Version 3.0 of CANopen conformance test tool (CTT) has been released by CiA (Can in Automation). The completely redesigned tool is improved in many aspects and complies with the CiA 310 CANopen conformance test plan. The CTT is available free-of-charge for CiA members. Non-members may purchase it from CiA Headquarters in Germany. CiA uses this tool for the conformance testing of CANopen devices (CANopen certified by CiA).
The tool runs on PCs with Microsoft Windows from Windows 95 to Windows 8 and requires a CAN hardware interface plus COTI low-level driver program. COTI software for different PC-to-CAN modules (esd, Ixxat, National Instruments, Port, and Vector) comes with the CTT software. Recently, Peak-System announced that they released COTI-DLLs for CiA’s test tool, which supports all of its CAN-PC interface modules.

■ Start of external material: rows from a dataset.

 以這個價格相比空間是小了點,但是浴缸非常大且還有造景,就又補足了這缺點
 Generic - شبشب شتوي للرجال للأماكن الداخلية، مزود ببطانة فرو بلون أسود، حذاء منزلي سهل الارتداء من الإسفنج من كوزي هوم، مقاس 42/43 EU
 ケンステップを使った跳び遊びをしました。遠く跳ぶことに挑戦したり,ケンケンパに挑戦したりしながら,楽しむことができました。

Some CiA members (esd, MicroControl, Port, and Sandvik) have developed jointly the CTT with the help of Emtas and Ixxat (testing of the tool). The tool will be maintained by CiA Headquarters also providing technical support. “In order to avoid misunderstandings,” said Thilo Schumann, CiA’s CTT expert, “the tool just proofs the CANopen application layer conformity. It is not an analyzing tool.” This means, it reports the detected failures, but doesn’t provide a high-level interpretation of the messages.

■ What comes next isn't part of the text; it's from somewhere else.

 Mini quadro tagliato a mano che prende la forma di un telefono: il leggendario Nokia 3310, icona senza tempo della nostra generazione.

As mentioned-above, the CiA test laboratory uses the CTT for device certification. TK Engineering (Finland) was the first company submitting CANopen inclinometers for a conformance family test using the new tool. All submitted products passed the test successfully. The Italian company C.O.B.O produces them, the AMU-CB series of single- and dual-axis inclinometers. For the conformance testing a CAN-to-USB dongle from Ixxat was used. In addition, the CANalyzer by Vector observed the bus traffic. “The inclinometers passed the conformance test without any problems,” explained Oskar Kaplun, CiA’s test engineer. “The Windows Wordpad was used to read the CTT’s log file.”

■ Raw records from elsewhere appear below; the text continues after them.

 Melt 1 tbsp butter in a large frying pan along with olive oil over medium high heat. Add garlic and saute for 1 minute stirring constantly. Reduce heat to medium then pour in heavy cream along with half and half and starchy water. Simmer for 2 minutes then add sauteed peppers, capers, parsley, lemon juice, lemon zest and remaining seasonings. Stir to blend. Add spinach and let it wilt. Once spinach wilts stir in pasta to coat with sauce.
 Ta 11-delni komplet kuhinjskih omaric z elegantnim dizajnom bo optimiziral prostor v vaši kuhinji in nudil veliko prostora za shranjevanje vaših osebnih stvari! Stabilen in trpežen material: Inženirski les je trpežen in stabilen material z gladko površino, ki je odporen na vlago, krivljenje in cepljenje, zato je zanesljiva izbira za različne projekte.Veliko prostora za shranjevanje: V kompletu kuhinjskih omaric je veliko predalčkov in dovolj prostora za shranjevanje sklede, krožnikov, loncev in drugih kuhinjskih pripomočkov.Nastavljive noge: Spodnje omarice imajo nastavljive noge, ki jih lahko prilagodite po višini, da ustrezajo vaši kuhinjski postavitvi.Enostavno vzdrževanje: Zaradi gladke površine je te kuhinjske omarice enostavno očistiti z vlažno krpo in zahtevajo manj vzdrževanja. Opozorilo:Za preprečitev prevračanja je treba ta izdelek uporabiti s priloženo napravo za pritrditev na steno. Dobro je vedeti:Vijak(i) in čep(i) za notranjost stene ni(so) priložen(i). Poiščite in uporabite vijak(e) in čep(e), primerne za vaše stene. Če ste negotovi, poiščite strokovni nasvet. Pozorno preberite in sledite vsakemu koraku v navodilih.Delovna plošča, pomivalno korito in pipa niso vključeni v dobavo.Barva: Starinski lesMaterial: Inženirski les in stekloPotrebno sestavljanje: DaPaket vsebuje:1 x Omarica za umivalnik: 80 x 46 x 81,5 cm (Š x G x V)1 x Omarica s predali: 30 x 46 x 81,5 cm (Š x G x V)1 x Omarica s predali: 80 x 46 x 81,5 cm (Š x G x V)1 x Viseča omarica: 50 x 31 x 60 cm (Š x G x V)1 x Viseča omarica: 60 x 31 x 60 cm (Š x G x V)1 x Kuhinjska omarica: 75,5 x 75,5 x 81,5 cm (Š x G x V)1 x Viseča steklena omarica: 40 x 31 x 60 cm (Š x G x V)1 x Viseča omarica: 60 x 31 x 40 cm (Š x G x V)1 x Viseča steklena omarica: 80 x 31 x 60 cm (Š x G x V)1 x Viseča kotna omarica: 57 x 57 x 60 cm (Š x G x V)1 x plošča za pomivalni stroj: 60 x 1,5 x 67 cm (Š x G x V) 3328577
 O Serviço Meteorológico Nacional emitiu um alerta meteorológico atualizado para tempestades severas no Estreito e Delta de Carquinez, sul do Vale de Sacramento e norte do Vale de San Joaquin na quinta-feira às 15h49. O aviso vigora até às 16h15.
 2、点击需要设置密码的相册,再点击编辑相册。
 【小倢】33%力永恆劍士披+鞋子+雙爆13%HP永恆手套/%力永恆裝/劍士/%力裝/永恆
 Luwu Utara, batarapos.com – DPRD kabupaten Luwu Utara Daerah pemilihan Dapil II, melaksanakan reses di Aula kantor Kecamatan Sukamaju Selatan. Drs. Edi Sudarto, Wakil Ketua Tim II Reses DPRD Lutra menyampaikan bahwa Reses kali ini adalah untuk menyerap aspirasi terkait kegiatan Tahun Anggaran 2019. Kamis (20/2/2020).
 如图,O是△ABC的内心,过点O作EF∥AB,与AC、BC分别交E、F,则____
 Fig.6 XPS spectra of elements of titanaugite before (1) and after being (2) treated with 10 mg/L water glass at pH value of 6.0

Besides conformance testing of CANopen devices, the CiA laboratory provides interoperability testing services. This provided service tests the device on system level: The device-under-test (DUT) is integrated in a CANopen reference network proofing the interoperability of the DUT with the other CANopen devices. Also some stress tests (high busloads, and long bus-lines) are performed. “Conformance tests check the syntax, and interoperability tests check the semantic,” explained Thilo Schumann.
“Collaboration”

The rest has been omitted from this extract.